For a reliable estimate, we recommend creating several copies of your typical batch – at least the same number as the number of cores, but it is better to multiply it by N (which is at least 3) to minimize the error of measurement, and place them all into processing simultaneously. The time required to process one batch per core is then the total processing time divided by N. This estimation takes into account the possible competition between processing cores over shared resources of the Processing Station.
Example. We have an 8-core Processing Station with Hyper-Treading enabled, which gives us 16 logical cores and executive processes at this Station. We need to create at least 16 copies of a typical batch, but we had better create 16 x 3 = 48 copies to minimize the measurement error. We put all batches in the FlexiCapture hotfolder, start the timer at the first import task created and stop it after the last result has been exported to the backend – it will show 15 minutes. This time each core has to process 3 batches, hence the time to process 1 batch is about 5 minutes. Our batch has 69 pages, and we can say it takes 4.35 seconds to process 1 page. - Once we know the desired performance in pages per hour or day, we can come up with an estimation of the desired number of cores.

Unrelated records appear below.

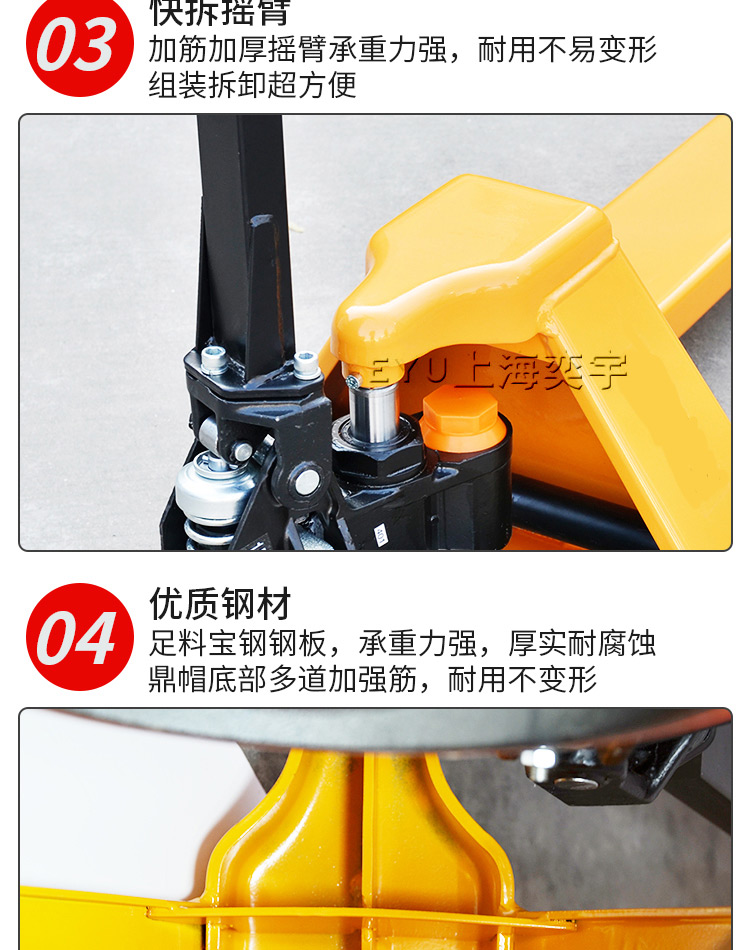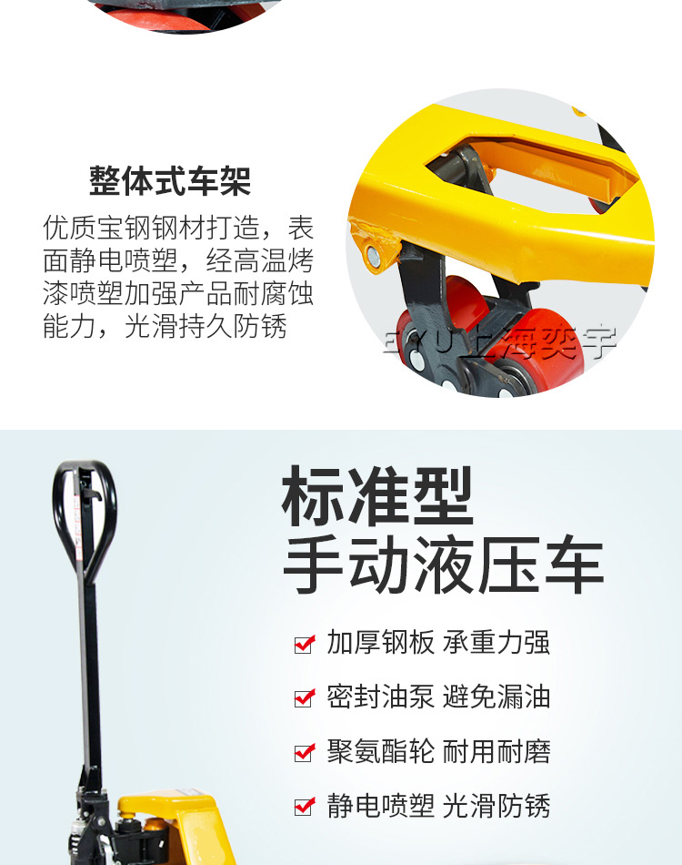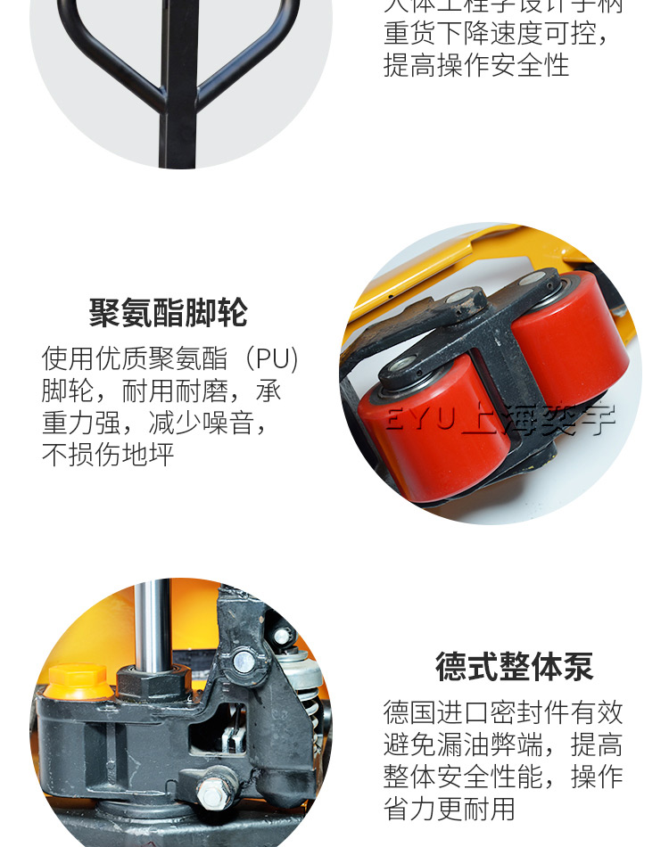 ● 一體式鑄造輪架.配置雙前輪.承載能力強.并裝有前后導向輪.保護前輪免受撞擊.延長輪子使用壽命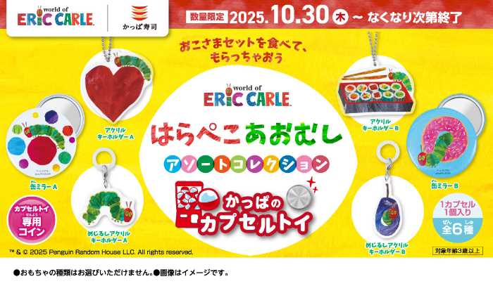 かっぱ寿司に、世界中で愛される絵本「はらぺこあおむし」のカプセルトイが登場♡全6種のオリジナルアイテムはアクリルキーホルダーや缶ミラーなど、お子さまから大人まで楽しめるデザイン。店内で「おこさまメニュー」や「カプセルトイコイン」を注文すると、専用コインで回してゲットできます♪2025年10月30日(木)~なくなり次第終了の限定企画です。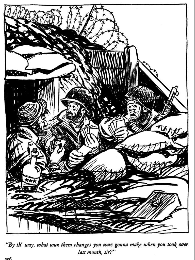In 1945, he won a Pulitzer Prize “for distinguished service as a cartoonist” and the Allied high command awarded him its Legion of Merit. His illustrated memoir, Up Front, was a bestseller. That same year, his “dogface” Willie appeared on the cover of Time.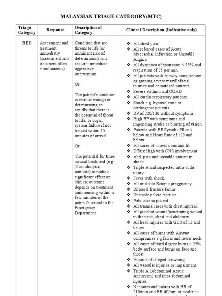 Malaysian Triage Category Emergency Department Shock Circulatory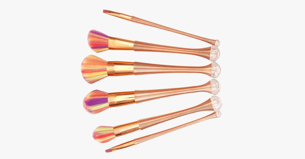 Rose Gold Pearl Brush Set is fun & adventurous. It features 6 essential brushes to complete any simple makeup look. The rose gold and clear pearl detail makes these brushes beautiful and perfect to display on any vanity.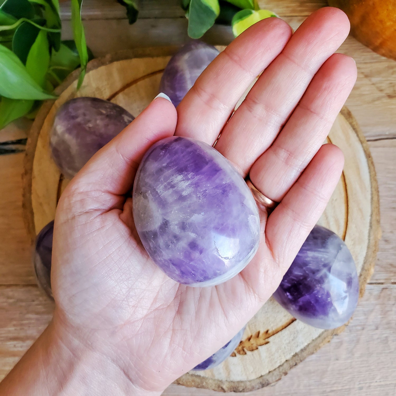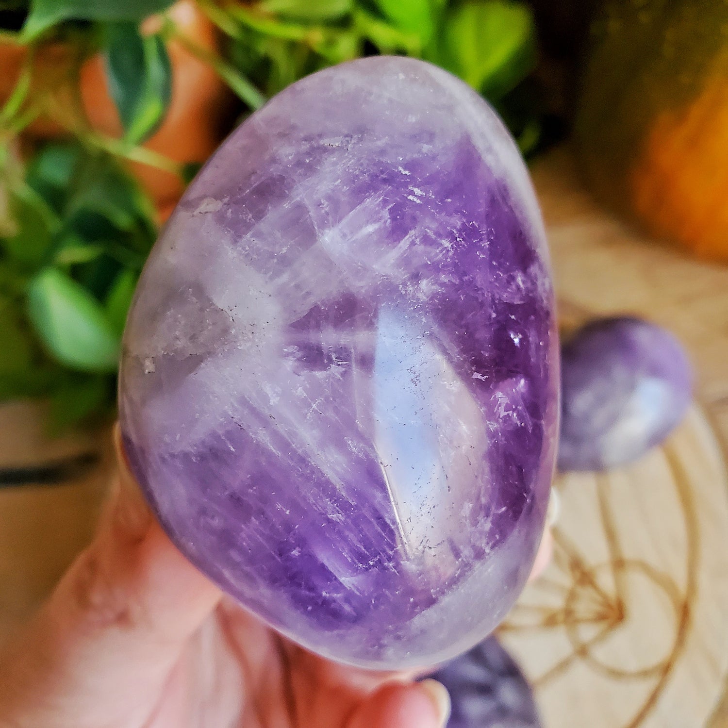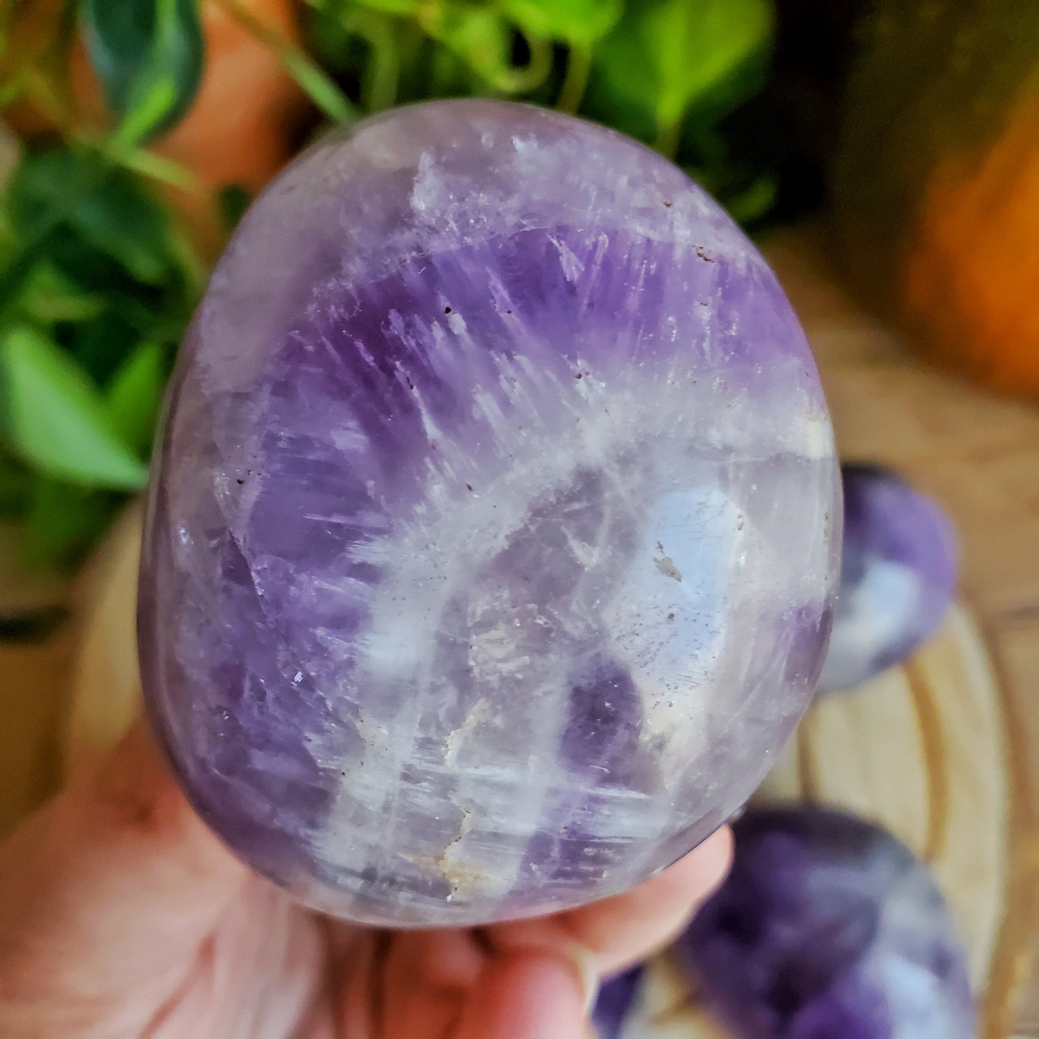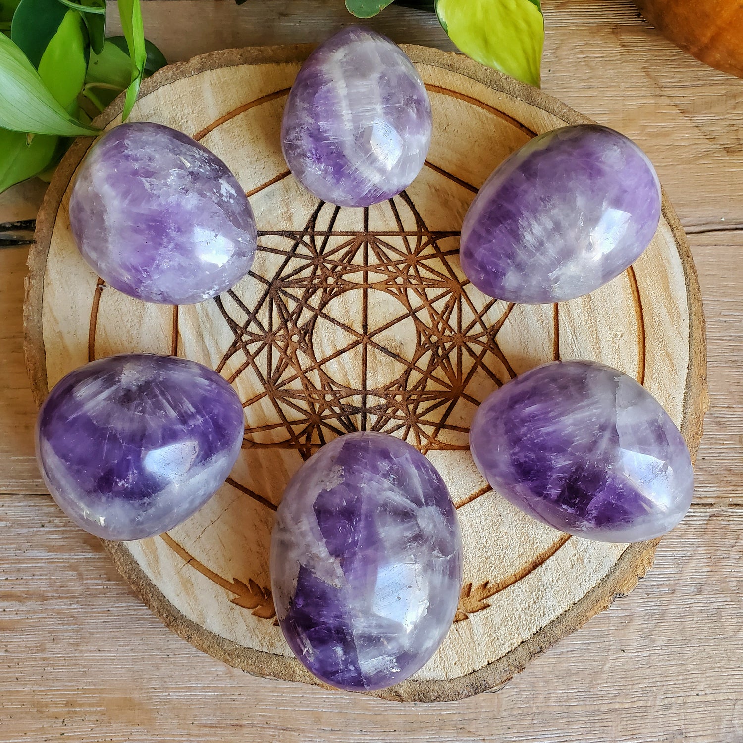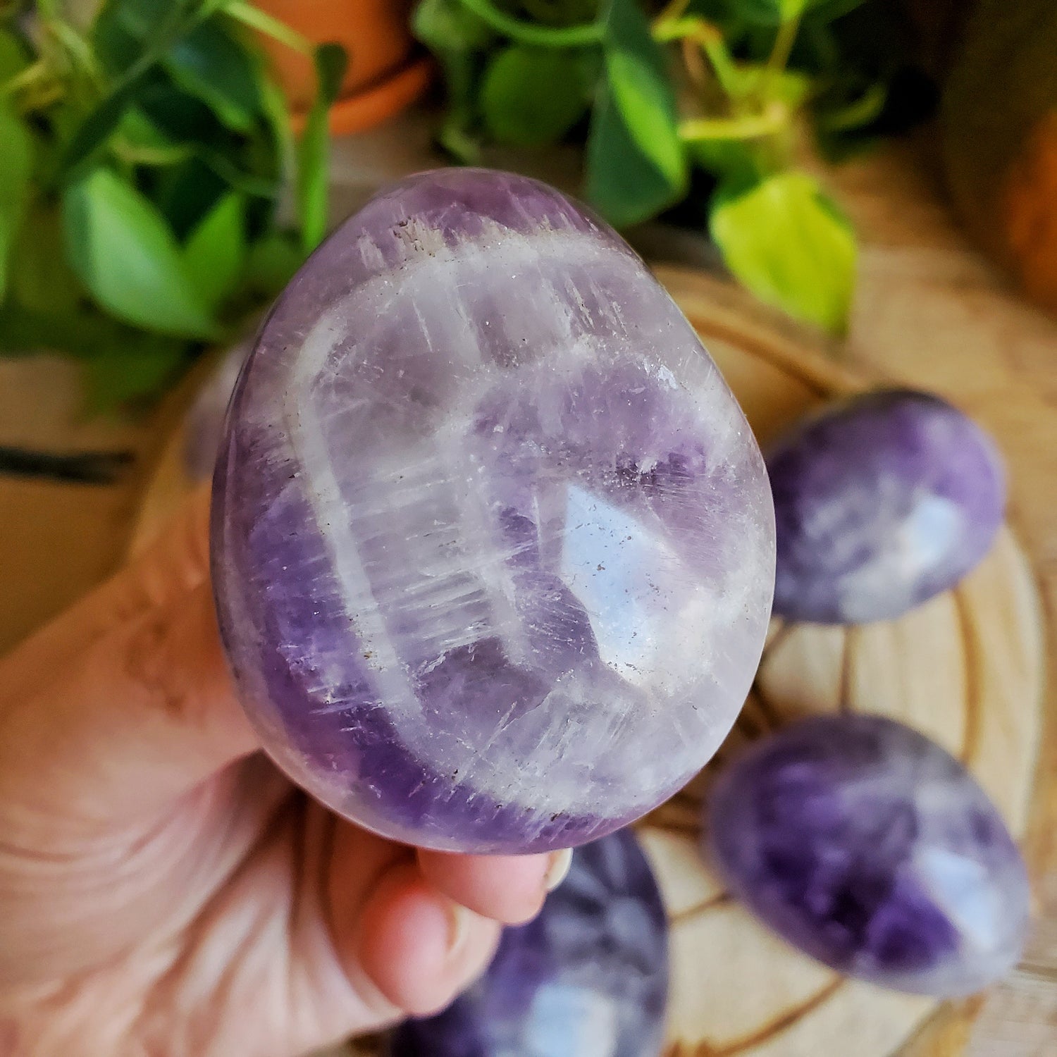 These lovely pastel amethyst palmstones feature chevron stripes of smoky quartz, amethyst, and clear quartz.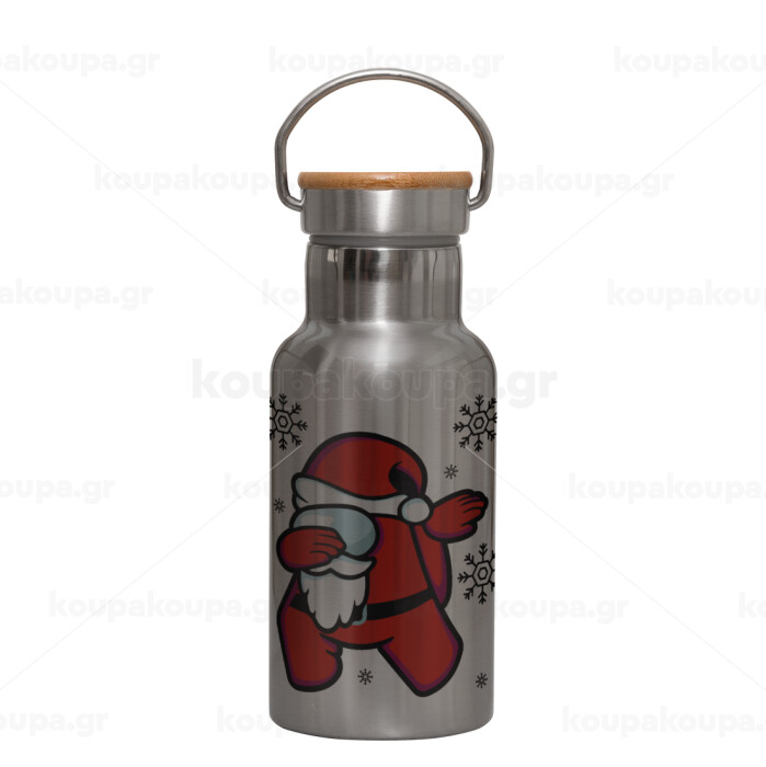 Among US Xmas, Μεταλλικό παγούρι θερμός (Stainless steel) Ασημένιο με ξύλινο καπακι (bamboo), διπλού τοιχώματος, 350ml

Assume you need to process P pages in T time. We already know from the above that 1 core needs t time to process 1 page. Hence, you need N = (P x t ) / T cores.
Example. A customer needs to process 200,000 pages in 8 hours, which is 28,800 seconds. As we know from the above, 1 core takes 4.35 seconds to process 1 page. Hence, we need (200,000 x 4.35) / 28,800 = 31 cores. Thus, 2 Processing Stations with 8 cores and Hyper-Threading enabled (32 logical cores in total) will be sufficient for automatic processing.
- The total load on the infrastructure that may result in bottlenecks:
-
- on the FlexiCapture server hardware;
-
- on the network; or
-
- on external shared resources (like databases, external services, etc.) that are requested from custom processing scripts.
-
- The number of processing cores that can be served by the Processing Server. This number depends on the average time a core needs to perform a task. This time depends greatly on batch size (in pages) and implemented customization. Usually, if you have around 10 pages in a batch, the Processing Server is able to serve 120 processing cores. However, if you create a large number of custom stages with very fast scripts, or are going to process one page per batch, you will significantly decrease the average task time, which may result in a slight decrease of the maximum number of processing cores.
To detect this problem, you need to monitor the Free Processing Cores counter on the Processing Server. If you see that, despite this, you have a queue of documents to process, the number of occupied cores has reached saturation at some point and almost never goes higher, you have achieved the described effect. To cure this:
- process the entire batch without splitting it to little tasks, where possible (see the Stage Properties in the Workflow settings dialog),
- process pages by bigger portions: increase the average number of pages per batch, merge several custom stages into one, or bring the customization to a standard stage, e.g. by adding it to a routing event in that stage’s script.